Our fundamental premise would be that as a small (and uniquely innovative) company, we have encountered something of a glass ceiling when we have attempted to work with the Services operating in the Criminal Justice Sector. We consider that there are structural barriers in place within this sector that actually prohibit the promotion of cost-effectiveness.

We have seen Regional Offender Managers replaced by Directors of Offender Management without discernible change in how we have been approached as a small company. We have been offering to deliver cost efficiency savings (of at least 25%) for the last five years. Over this period, we have made written submissions annually to all Chief Officers of Probation and all Prison governors.

This has not been without accomplishment and we have enjoyed various successful engagements. However, our business model has been to offer an incremental approach to working with the Probation and Prison Services. Our assumption was that if quality, reliability and increased cost-effectiveness were demonstrated, then the business model would succeed, as greater levels of engagement would deliver greater cost-effectiveness. However, this is where the glass ceiling has been encountered. While we have continuously been bolstered by encouraging rhetoric, the Probation Services and Prison Services appear to have no interest in actually exposing themselves to competition.

If, for example, we are engaged by a Probation Trust to deliver Pre-Sentence Reports to Courts and that Trust is not delivering that service (due to workload management issues), who are we to contact, if we believe we could offer a better service? Our experience has been that despite a wealth of positive talk, there has never been an adequate forum in which business arguments could be advanced. Whether we have encountered a form of protectionism, or simple "closed shop" practice, the impression offered is that the Criminal Justice Sector, as it stands, is institutionally anti-competitive.

Our view is that the pursuit of the macro management of these big public organisations has diverted the necessary attention that should have been given to their micro management. It is a simple maxim in commercial practice that if an organisation minds the pennies, the pounds will mind themselves. However, this argument appears to have had little weight when we have attempted to promote the service our company offers. The impression we have gained (from making various representations to senior managers in the Probation and Prison Services) has been of an enforced ignorance (or disregard) of tangible financial benefit; or a dismissal of the potential value of a small company's services.

EXAMPLE 1:

The provision of Pre-Sentence Reports (PSRs):

The average cost of a PSR (Standard Delivery) nationally is £224 as disclosed in Probation Circular PC06 2009. Our experience; however, suggests that a full-time salaried member of staff (PSR writer) will prepare five reports a week for 40 weeks a year.

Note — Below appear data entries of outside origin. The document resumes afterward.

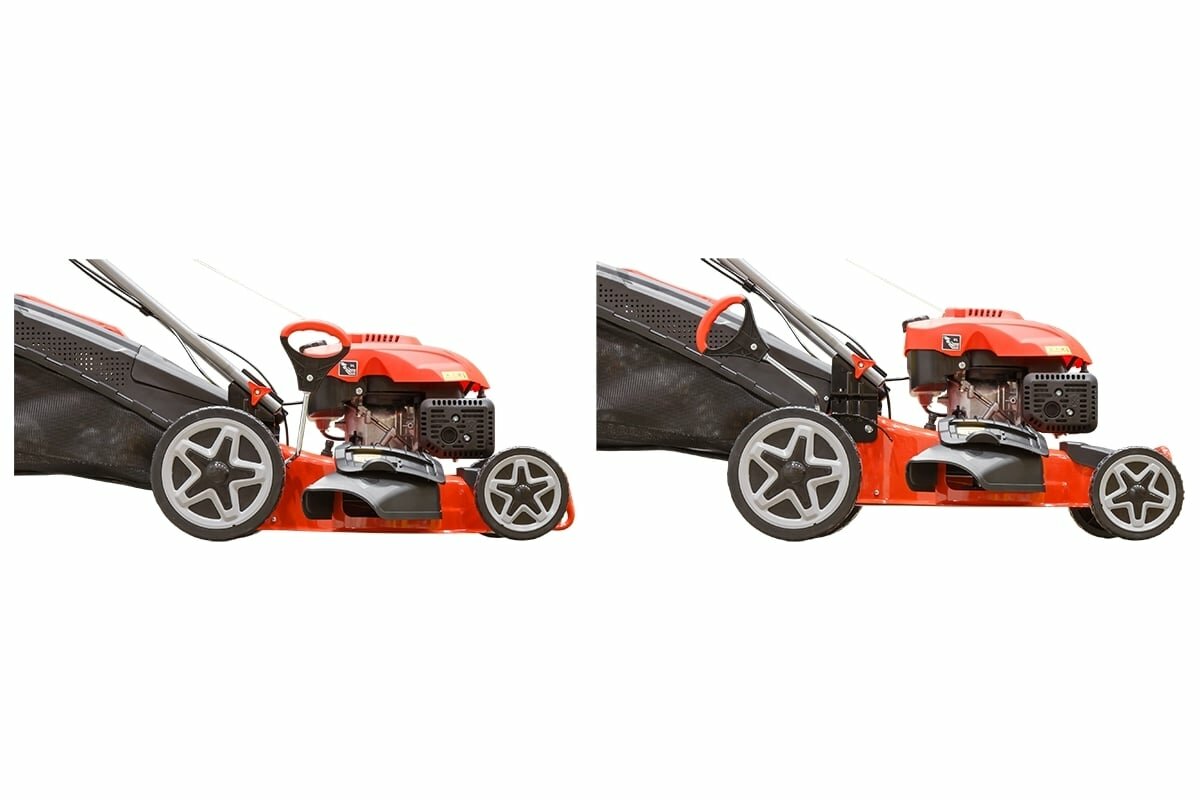 Газонокосилка скашивает хорошо и быстро, удобная в обращении, можно и косой выброс и в пылесборник, высота плавно регулируется сразу одним движением рычага, всё отлично
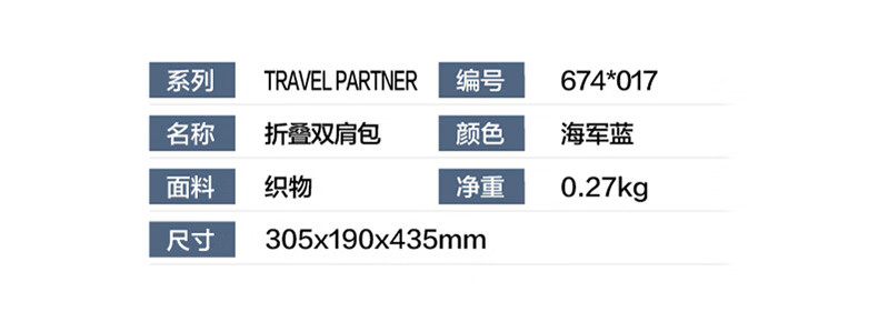 TRAVEL PARTNER 系列新秀丽折叠双肩包674*41017
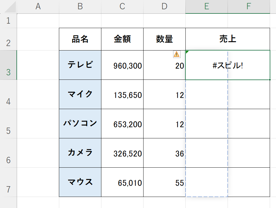 配列を返す関数を使用した場合: FILTER関数、SORT関数、UNIQUE関数、SEQUENCE関数、XLOOKUP関数(複数の結果を返す場合)、TEXTSPLIT関数など、動的配列数式に対応した関数を使用すると、その結果がスピルします。
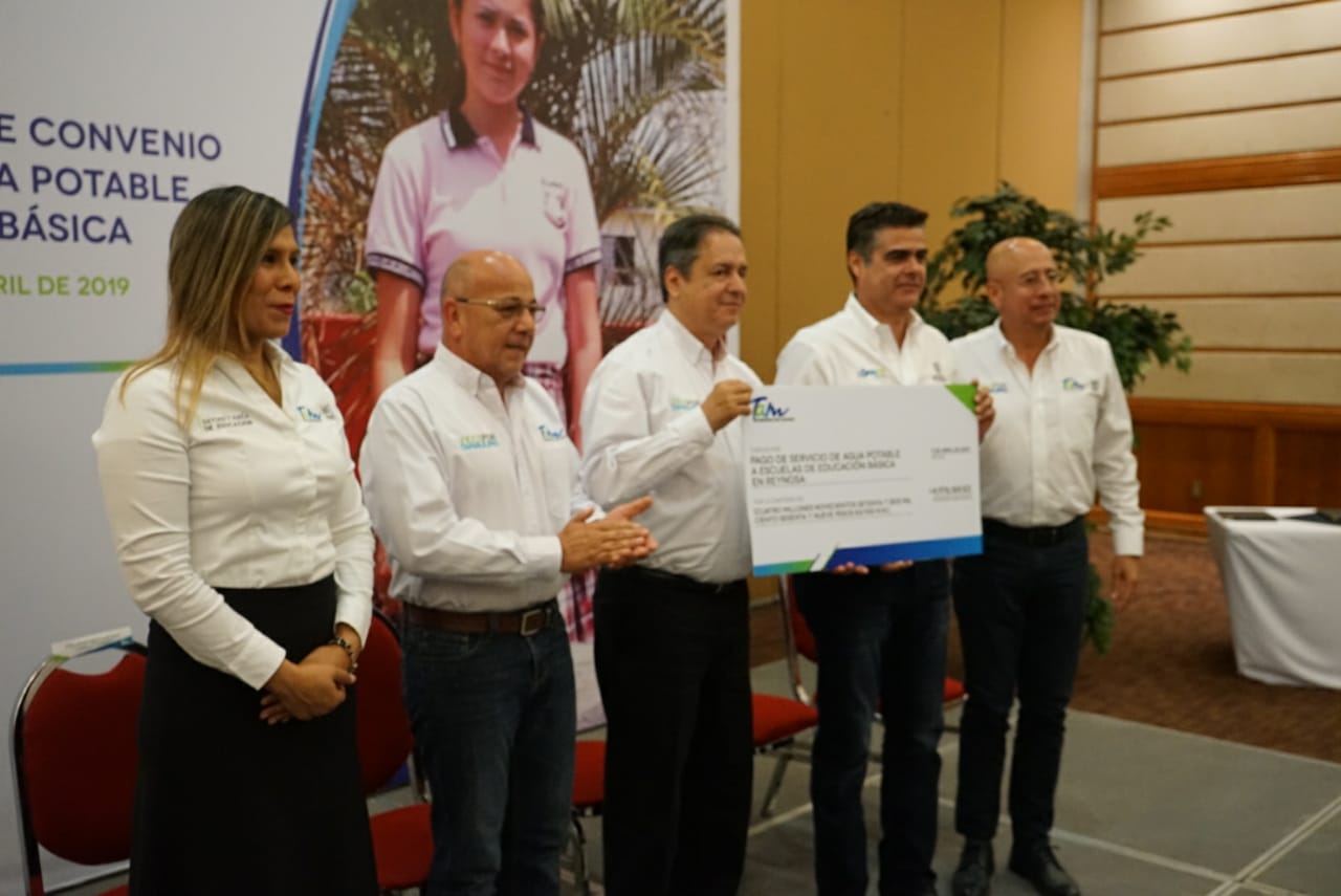 Ciudad Reynosa y Matamoros, Tam.- El Gobierno del Estado de Tamaulipas llevó a cabo la entrega de recursos y Firma de Convenio del pago de servicio de agua potable a escuelas de Educación Básica en el municipio de Reynosa y Matamoros.
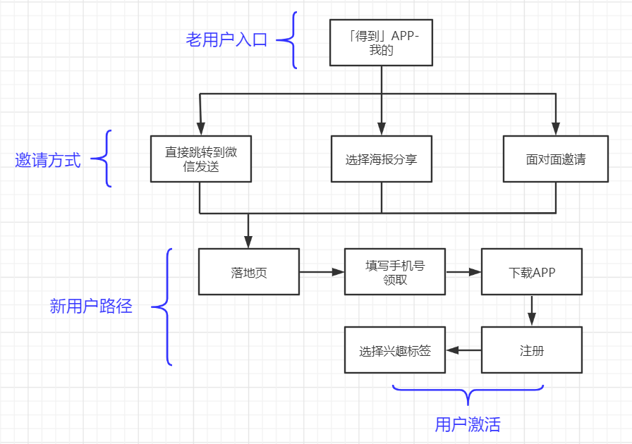 我們可以用AARRR模型來(lái)分析一下這里涉及的生命周期階段。首先這個(gè)活動(dòng)是促進(jìn)用戶推薦傳播,從而獲取用戶。這里其實(shí)就是老帶新,但是「得到」不止于此。
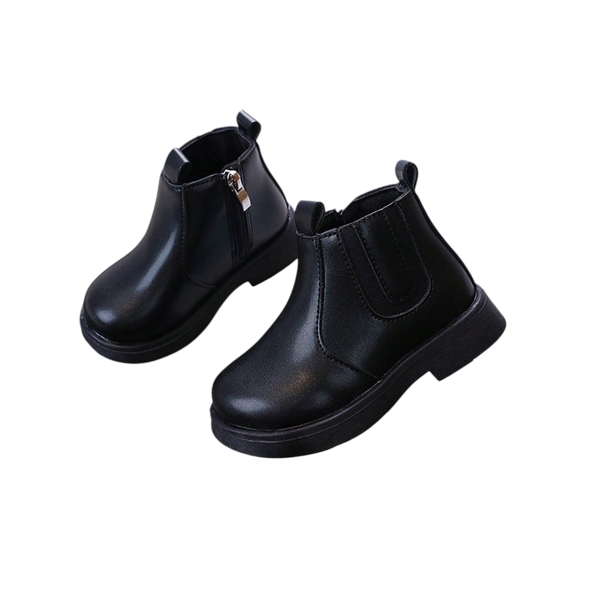 Címke nélküli, fekete, műbőr Chelsea stílusú bokacsizma, oldalsó cipzárral és rugalmas panellel, vastag talppal.
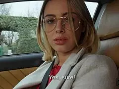 Секси блондинка не спира да флиртува с инструктора си в колата
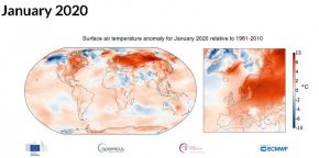 Само в Европа, януари 2020 г., е бил с 3,1 градуса по Целзий по-топъл отколкото е средната стойност за периода 1981 г. - 2010 г. Той е и най-топлият януари в глобален аспект, "макар и минимално по-топъл" отколкото е януари 2016 г.
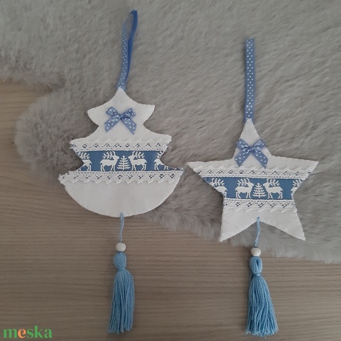 Filc téli duó - fehér és kék színvilágban, szarvasokkal
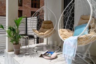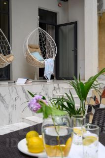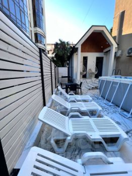 имеется небольшая на территория( мангал, шезлонги, столики )
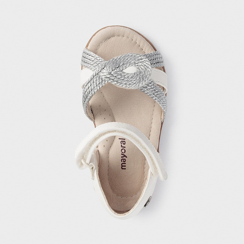 Children's braided sandals with Velcro fastening for girls Mayoral from the baby girl collection from the spring-summer season, product code 41264, color 20 white/silver. Children's shoes.
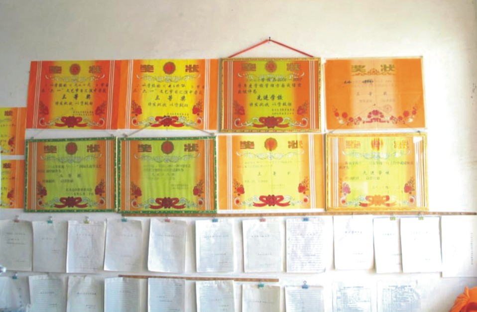 馬校長和藹可親卻風骨嶙峋,愛心辦學卻要求嚴格。看到每間教室後方牆上的「學習園地」和老師辦公室裡掛得琳瑯滿目的省、縣教育單位頒給該校的獎狀,我很欣慰,也很感慨。憶及四年前初次來此校勘訪時,孩子們沒有教室,就在民房前的空地上學習。遇上雨天或下雪,他們就搭個「塑料棚」權充教室,想到就令人鼻酸。

This represents 200 reports at a cost of £250 per report.

Again based on our experience we have collated the following information:

—  A salaried member of staff (Probation Officer grade) costs the Probation Trust (with add on costs) around £50,000 a year.

—  An Employment Agency contracted staff member will cost a Probation Trust (at very least) £1,200 per week.

—  Using Agency staff to prepare PSRs costs £240 per report.

—  BBSS offer a significant saving (37.5%) on agency staff.

—  BBSS offer PSRs at £150 per report—a 40% saving on the costs incurred by Probation Trusts to complete this task.

EXAMPLE 2:

The provision of Parole Assessment Reports (PARs):

PARs and IPP reviews is a similar costing exercise as PSRs. There is no nationally agreed figure for this, but experience informs us that such a report takes a similar time as a PSR to prepare.

—  Salaried staff seconded to prisons will prepare, therefore, a Parole Report at a cost of £300.

—  BBSS will and have prepared these reports at a cost of £200 (a saving of 33%).

EXAMPLE 3:

The provision of Structured Assessment of Risk and Need (SARN) reports:

The SARN report format was developed in the prison service to act as an evidence-based assessment of both progress in treatment and future treatment needs. The final SARN Report contains information that is gathered throughout the treatment programme. It provides a summary of progress in treatment followed by an indication of remaining treatment needs to be addressed by offender managers.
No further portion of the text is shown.